→ **Data extracted from a collection**:
╔══

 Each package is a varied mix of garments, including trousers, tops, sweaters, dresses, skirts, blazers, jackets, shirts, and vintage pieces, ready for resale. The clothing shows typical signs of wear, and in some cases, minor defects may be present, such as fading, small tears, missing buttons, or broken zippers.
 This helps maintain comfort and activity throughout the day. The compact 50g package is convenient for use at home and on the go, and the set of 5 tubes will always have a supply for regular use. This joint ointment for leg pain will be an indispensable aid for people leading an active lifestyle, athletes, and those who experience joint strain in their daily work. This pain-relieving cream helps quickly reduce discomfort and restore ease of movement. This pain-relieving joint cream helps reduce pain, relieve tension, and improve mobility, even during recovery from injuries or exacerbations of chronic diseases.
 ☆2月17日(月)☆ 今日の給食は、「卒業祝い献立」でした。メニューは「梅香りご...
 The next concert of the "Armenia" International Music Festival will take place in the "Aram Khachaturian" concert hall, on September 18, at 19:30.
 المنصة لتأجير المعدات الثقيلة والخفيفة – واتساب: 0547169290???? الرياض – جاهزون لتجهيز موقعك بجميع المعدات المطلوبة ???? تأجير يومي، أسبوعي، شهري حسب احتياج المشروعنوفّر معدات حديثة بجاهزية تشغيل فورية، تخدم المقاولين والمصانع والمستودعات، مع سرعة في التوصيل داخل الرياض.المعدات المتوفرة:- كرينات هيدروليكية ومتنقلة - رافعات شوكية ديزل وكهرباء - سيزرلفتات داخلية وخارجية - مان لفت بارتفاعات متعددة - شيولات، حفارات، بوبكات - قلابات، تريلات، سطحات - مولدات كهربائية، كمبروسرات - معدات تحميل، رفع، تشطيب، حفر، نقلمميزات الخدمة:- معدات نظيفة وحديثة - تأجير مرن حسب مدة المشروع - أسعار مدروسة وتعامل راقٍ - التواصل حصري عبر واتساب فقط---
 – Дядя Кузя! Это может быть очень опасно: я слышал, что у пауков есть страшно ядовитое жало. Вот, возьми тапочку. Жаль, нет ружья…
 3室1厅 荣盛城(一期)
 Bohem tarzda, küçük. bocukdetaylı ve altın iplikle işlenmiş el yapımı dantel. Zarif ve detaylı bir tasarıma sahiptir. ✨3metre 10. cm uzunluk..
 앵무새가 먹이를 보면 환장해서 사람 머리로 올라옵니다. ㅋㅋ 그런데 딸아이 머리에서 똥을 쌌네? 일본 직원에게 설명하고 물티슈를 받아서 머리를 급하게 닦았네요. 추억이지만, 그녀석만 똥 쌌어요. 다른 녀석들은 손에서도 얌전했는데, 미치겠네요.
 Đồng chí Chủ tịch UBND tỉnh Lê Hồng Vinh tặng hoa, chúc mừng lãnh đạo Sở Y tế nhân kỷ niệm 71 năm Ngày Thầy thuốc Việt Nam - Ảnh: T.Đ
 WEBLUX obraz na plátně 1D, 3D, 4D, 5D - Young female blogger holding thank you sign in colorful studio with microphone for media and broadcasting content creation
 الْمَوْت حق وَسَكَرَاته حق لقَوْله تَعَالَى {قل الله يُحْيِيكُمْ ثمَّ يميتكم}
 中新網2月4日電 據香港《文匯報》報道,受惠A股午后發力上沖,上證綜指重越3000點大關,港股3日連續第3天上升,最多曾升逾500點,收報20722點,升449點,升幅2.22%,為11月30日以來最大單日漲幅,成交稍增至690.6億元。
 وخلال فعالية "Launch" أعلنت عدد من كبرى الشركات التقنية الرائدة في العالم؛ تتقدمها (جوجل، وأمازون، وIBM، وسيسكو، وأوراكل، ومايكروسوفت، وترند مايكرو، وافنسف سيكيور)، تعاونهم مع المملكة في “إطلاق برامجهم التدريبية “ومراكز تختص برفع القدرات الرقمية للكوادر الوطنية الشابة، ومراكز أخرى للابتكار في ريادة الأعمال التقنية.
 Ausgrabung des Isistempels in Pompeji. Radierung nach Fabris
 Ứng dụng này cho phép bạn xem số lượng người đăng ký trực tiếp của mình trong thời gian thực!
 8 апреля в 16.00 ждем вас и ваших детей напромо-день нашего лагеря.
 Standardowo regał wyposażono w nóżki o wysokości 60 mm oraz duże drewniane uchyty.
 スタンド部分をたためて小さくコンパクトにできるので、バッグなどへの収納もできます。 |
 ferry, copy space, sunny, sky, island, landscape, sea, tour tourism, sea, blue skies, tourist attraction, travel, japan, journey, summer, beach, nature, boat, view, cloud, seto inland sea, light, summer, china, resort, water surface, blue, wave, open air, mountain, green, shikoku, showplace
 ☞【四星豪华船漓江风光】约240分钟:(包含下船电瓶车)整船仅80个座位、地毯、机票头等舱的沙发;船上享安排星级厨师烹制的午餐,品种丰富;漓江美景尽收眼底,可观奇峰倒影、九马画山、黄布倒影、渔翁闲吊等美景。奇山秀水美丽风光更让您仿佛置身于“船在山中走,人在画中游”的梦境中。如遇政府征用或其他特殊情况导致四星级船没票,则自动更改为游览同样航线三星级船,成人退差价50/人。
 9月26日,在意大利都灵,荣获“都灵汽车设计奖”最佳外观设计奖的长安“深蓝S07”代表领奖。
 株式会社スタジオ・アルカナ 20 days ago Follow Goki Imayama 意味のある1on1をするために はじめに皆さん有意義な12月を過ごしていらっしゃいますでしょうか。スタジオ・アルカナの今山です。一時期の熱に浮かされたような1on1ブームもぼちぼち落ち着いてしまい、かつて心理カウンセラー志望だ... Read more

╚══

→ **Exercise**: Your answer should consist of the lines from the line with "ريادة الأعمال التقنية." to the line with "スタンド部分をたためて小さく" above, repeated exactly, both ends included.

→ **Output of the exercise**:
 وخلال فعالية "Launch" أعلنت عدد من كبرى الشركات التقنية الرائدة في العالم؛ تتقدمها (جوجل، وأمازون، وIBM، وسيسكو، وأوراكل، ومايكروسوفت، وترند مايكرو، وافنسف سيكيور)، تعاونهم مع المملكة في “إطلاق برامجهم التدريبية “ومراكز تختص برفع القدرات الرقمية للكوادر الوطنية الشابة، ومراكز أخرى للابتكار في ريادة الأعمال التقنية.
 Ausgrabung des Isistempels in Pompeji. Radierung nach Fabris
 Ứng dụng này cho phép bạn xem số lượng người đăng ký trực tiếp của mình trong thời gian thực!
 8 апреля в 16.00 ждем вас и ваших детей напромо-день нашего лагеря.
 Standardowo regał wyposażono w nóżki o wysokości 60 mm oraz duże drewniane uchyty.
 スタンド部分をたためて小さくコンパクトにできるので、バッグなどへの収納もできます。 |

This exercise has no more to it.